10 Jul Bostock v. Clayton County, Georgia: Another Development in the LGBTQ Rights Journey
On June 15, 2020, the United States Supreme Court delivered a landmark opinion recognizing basic critical protections for the rights of gays, lesbians, and transgendered individuals in the workplace based on the text of Title VII of the Civil Rights Act of 1964. Three employees brought separate lawsuits against their respective employers under Title VII for unlawful discrimination on the basis of sex, and all three employers fired the employees allegedly for no reason other than the employees’ homosexuality or transgender status.[1] The resulting circuit-split issue reached the high court in Bostock v. Clayton County, Georgia and culminated in what appears to be a victory for the LGBTQ community as a whole. At the very least, this opinion marks a pivotal turn on America’s civil rights journey.
The controversial issue before the Court was whether an employer’s decision to fire its employee on the basis of that employee’s sexuality or transgender status violates Title VII. In answering this monumental question, the Court did not hold that LGBTQ status constitutes a protected class. Rather, in a surprising 6-3 majority opinion, the Court applied logical reasoning and textualism to conclude that the protection already exists within the statutory language of Title VII.
The Court’s syllogism is simple: discrimination based on an individual’s gay or transgender status necessarily entails discrimination on the basis of sex. Consider the Court’s hypothetical:
“Imagine an employer who has a policy of firing any employee known to be homosexual. The employer hosts an office holiday party and invites employees to bring their spouses. A model employee arrives and introduces a manager to Susan, the employee’s wife. Will that employee be fired? If the policy works as the employer intends, the answer depends entirely on whether the model employee is a man or a woman. To be sure, that employer’s ultimate goal might be to discriminate on the basis of sexual orientation.

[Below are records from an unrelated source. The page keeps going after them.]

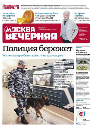«Вечерняя Москва» — ежедневная российская вечерняя газета, старейшее из вечерних изданий в России, учрежденное в 1923 году. Выходит пять дней в неделю, кроме субботы и воскресенья. Отличается тем, что рассказывает о событиях еще не завершившегося дня. Оперативно освещает хронику и особенности жизни Москвы, охватывает все слои общества и большинство профессиональных и возрастных групп читателей.Издание представлено тремя выпусками – утренним ежедневным, вечерним (выходит три раза в неделю), еженедельным (выходит по четвергам).
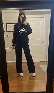 Loved wearing this sweater around but it wasn't very comfortable material. I found myself wanting to get out of it after the day. Wish that wasn't the case since it's adorable.
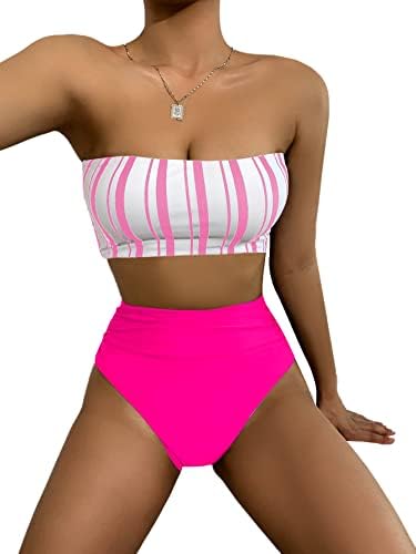 Features: Bandeau, stripe, pading bra, high waist, two piece swimsuits.
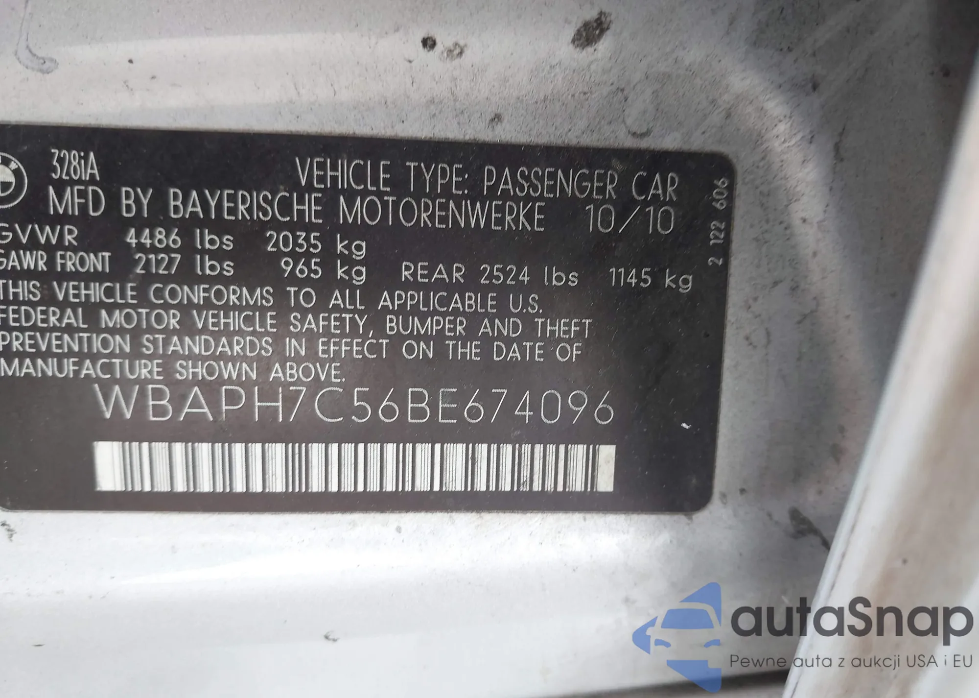 • VIN: WBAPH7C56BE674096
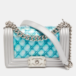 Chanel Silver/Blue PVC and Leather Small Water Boy Flap Bag
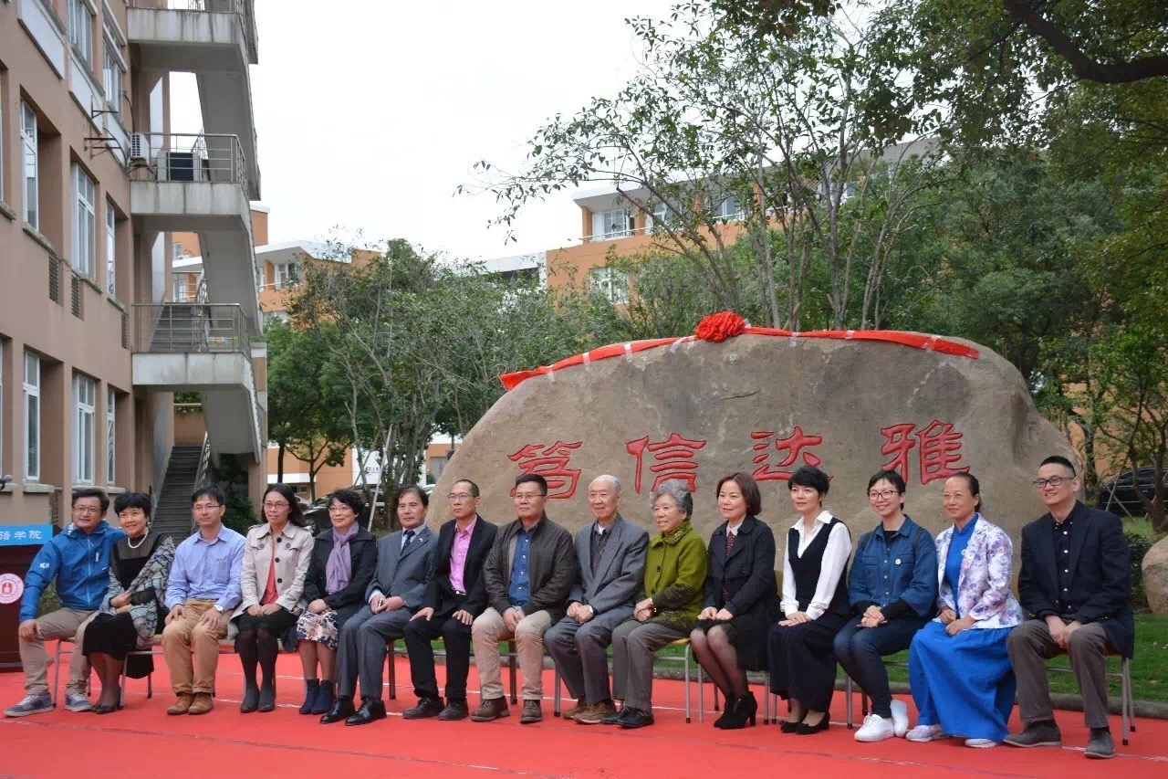 “笃信达雅”院训石揭幕仪式在学院小广场举行。学院领导班子成员、原外语系系主任胡荣昌、原外语系退休教师冯韵芳、各届校友代表以及学院师生代表参加揭幕仪式。院长屠国元致辞,介绍“笃信达雅”院训的来历和寓意并对捐赠院训石的学院1992级英语全体校友表示感谢;学院党委书记段汉武介绍了院训石捐赠过程;1992级英语校友胡英杰代表全体校友发言;最后屠院长、段书记以及两名92级英语的校友代表为“笃信达雅”院训石揭幕,并在院训石前合影留念。
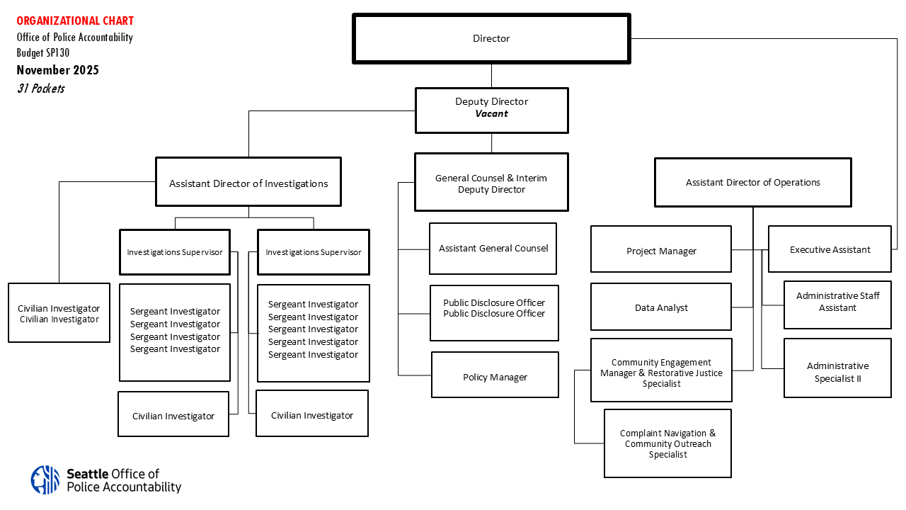 OPA is a hybrid oversight agency comprised of sworn and civilian personnel with 31 total pockets.
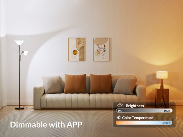 Effortlessly control your lighting with the app,seamlessly dimming from 1% to 100%. With up to 900 lumens of brightness, find just the right light for reading, working, or unwinding. - One-Click with 6 Scenes.Enjoy Every Moment.
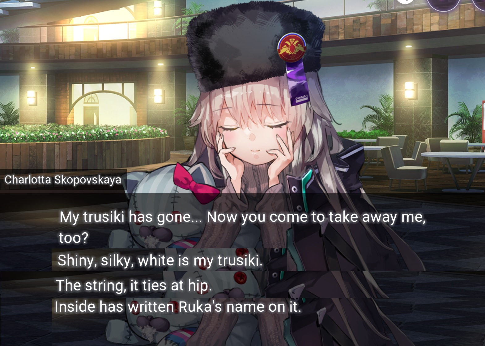 Сейчас увидел чужой скрин летней Тамы и понял, что "пересекающиеся" фразы в лобби это общая практика, потому что в пиджачной версии она говорит то же самое. То есть для разных анимированных меморий одной девочки они не делают целиком тематический набор реплик, а разбавляют его какими-то базовыми.
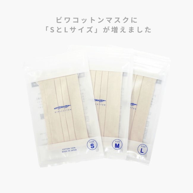 「息苦しくないマスク」からっと、かるい、きもちいい。好評のビワコットンマスクにS・Lサイズを追加
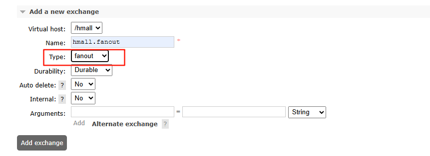 return ExchangeBuilder.fanoutExchange("hmall.fanout").build();
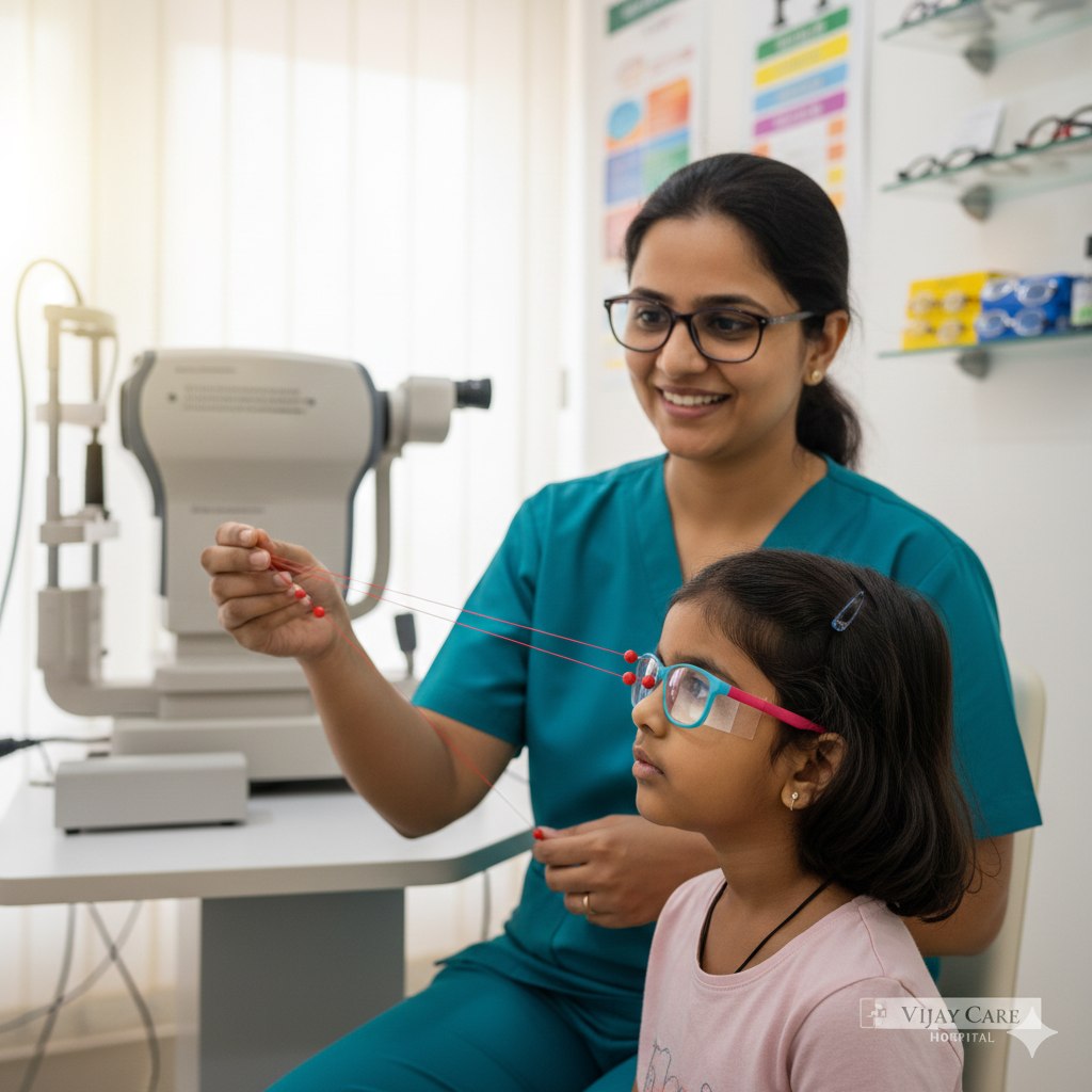 Orthoptics is a highly specialized branch of eye care that focuses on the diagnosis and non-surgical management of disorders related to eye alignment, eye movements, and binocular (two-eyed) vision. At Vijay Eye Care Hospital, our dedicated Orthoptics department plays a crucial role in treating conditions such as squint (strabismus), amblyopia (lazy eye), and double vision, helping patients of all ages achieve comfortable, efficient, and harmonious visual function. Our expert orthoptists work closely with ophthalmologists to provide a holistic approach to vision correction and rehabilitation.

But to achieve that purpose the employer must, along the way, intentionally treat an employee worse based in part on the individual’s sex.”

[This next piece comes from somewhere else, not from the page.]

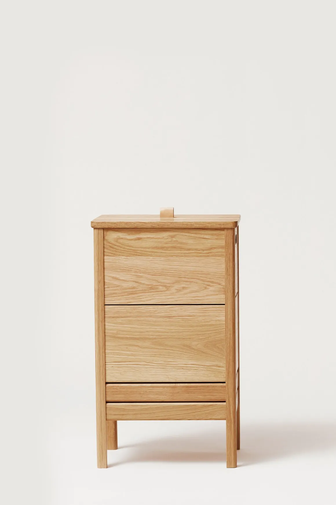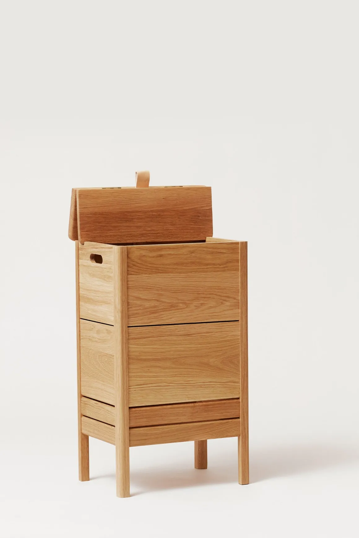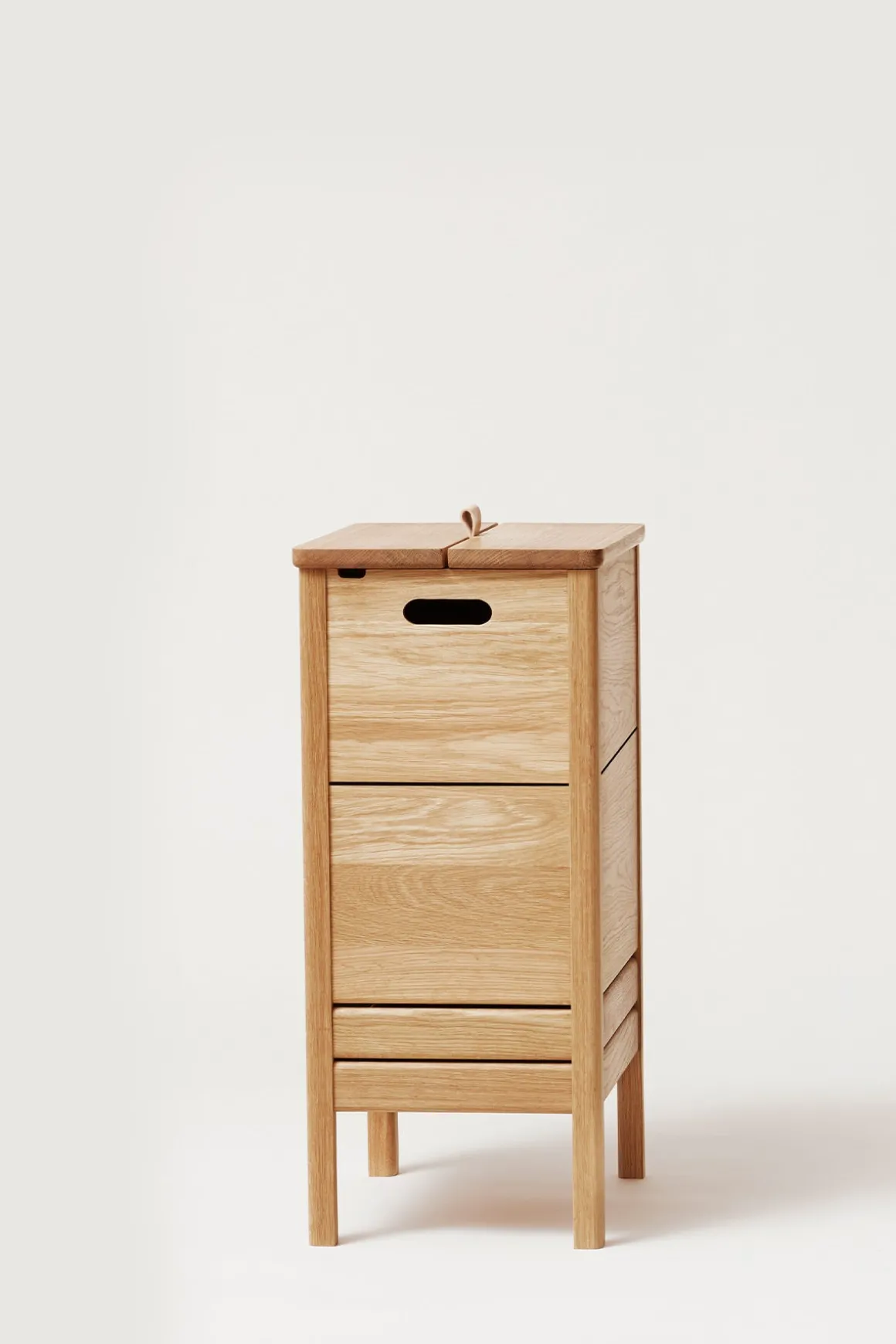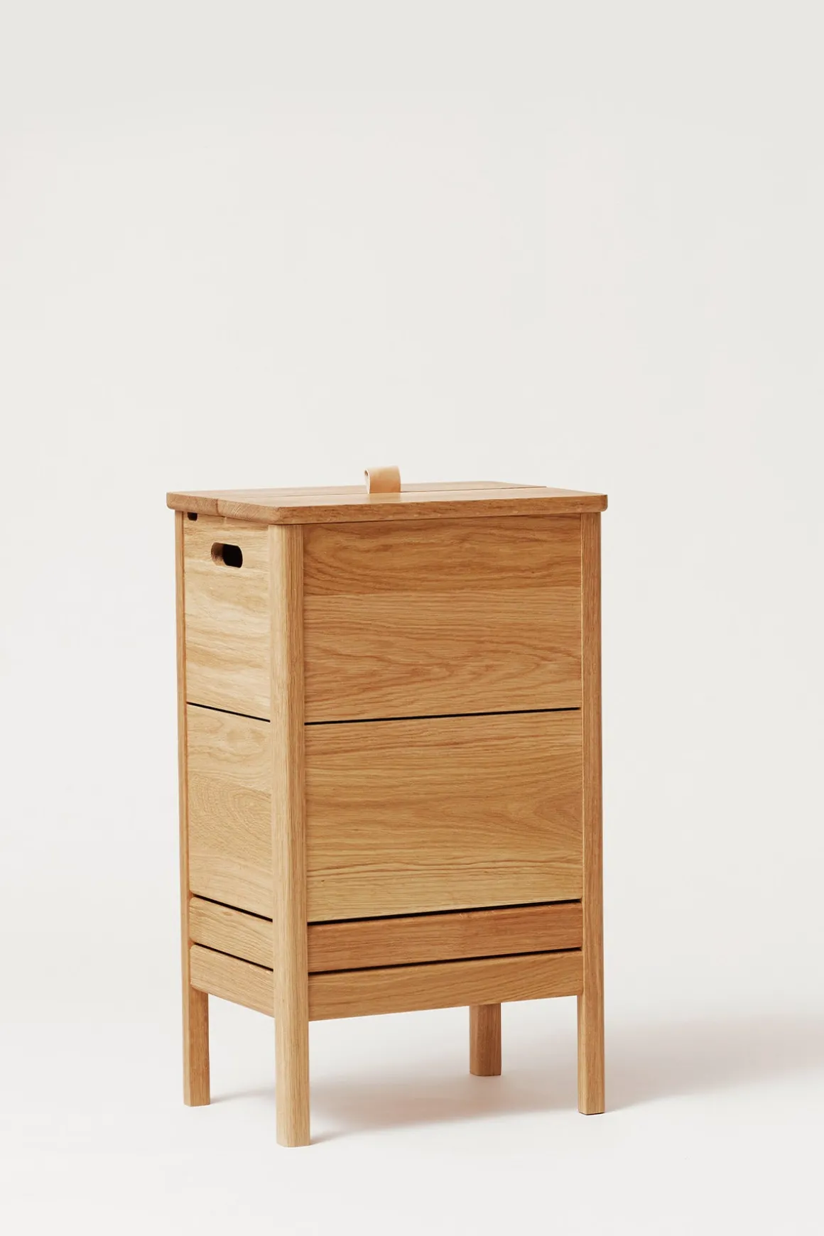 A Line Laundry Box fra Form u0026amp; Refine er både stilsikker, romslig og praktisk. Designet av duoen fra Herman Studio, som kjennetegnes av balanserte kombinasjoner mellom funksjonelt og overraskende design. Skittentøyskurven er laget av solid og slitesterk, oljet eik med mye lagringsplass. Lokket løftes med et lite skinnhåndtak på toppen og håndtakene på hver side gjør det mulig å flytte den rundt. De to parallelle sporene lar luften inne i boksen ventilere naturlig, en viktig funksjon for en skittentøyskurv. Det nedre snittet på de to bena vinkler stykket for å gi det en følelse av å bli løftet opp, noe som gjør den generelle designen solid og robust, men også stilig. Det tidløse designet i naturlig oljet eik vil skli rett inn i alle interiørstiler.

Discrimination on the basis of an individual’s sex is a well-established violation.
Title VII makes it “unlawful . . . for an employer to fail or refuse to hire or to discharge any individual, or otherwise to discriminate against any individual . . . because of such individual’s race, color, religion, sex, or national origin.” 42 U. S. C. §2000e–2(a)(1).
The Court logically concludes that “[a]n employer who fires an individual for being homosexual or transgender fires that person for traits or actions it would not have questioned in members of a different sex. Sex plays a necessary and undisguisable role in the decision, exactly what Title VII forbids.” In other words, an employer’s decision to fire its employee on the basis of that employee’s homosexuality or transgender status violates Title VII.

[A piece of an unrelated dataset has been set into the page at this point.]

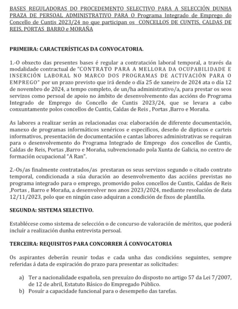- Bases reguladoras do procedemento selectivo para a selección dunha praza de persoal administrativo para o ” Programa Integrado de Emprego do Concello de Cuntis 2023/24 no que participan os concellos de Cuntis, Caldas de Reis, Portas, Barro e Moraña.

What does this mean for LGBTQ rights in the grand scheme of civil rights issues? The opinion certainly establishes the argument to further recognize protections for an individual’s LGBTQ status where sex is a protected characteristic. But the Court overtly points to another constitutional right that could potentially erode the breadth of this opinion’s LGBTQ protections or provide a defense to discrimination suits for some employers. In the last several paragraphs of the opinion, Justice Gorsuch suggests that employers may raise religious liberty arguments—the effects of which are yet to be determined but could potentially exempt employers from Title VII’s commands on First Amendment grounds. We will undoubtedly see religious freedom arguments intersect with LGBTQ rights in the future.
Employers in states like California have already been subject to state and local laws prohibiting employment discrimination on the basis of sexuality. This decision means that employers must be aware of an additional layer of anti-discrimination protection their employees enjoy—it is now unequivocally illegal under federal law for an employer to discriminate against employees on the basis of their sexuality or transgender status.
[1] Clayton County, Georgia fired Gerald Bostock after he participated in a gay recreational softball league, Altitude Express fired Donald Zarda after he revealed that he was gay, and R. G. & G. R. Harris Funeral Homes fired Aimee Stevens, who initially presented herself as a man, after she revealed intentions to present as a woman.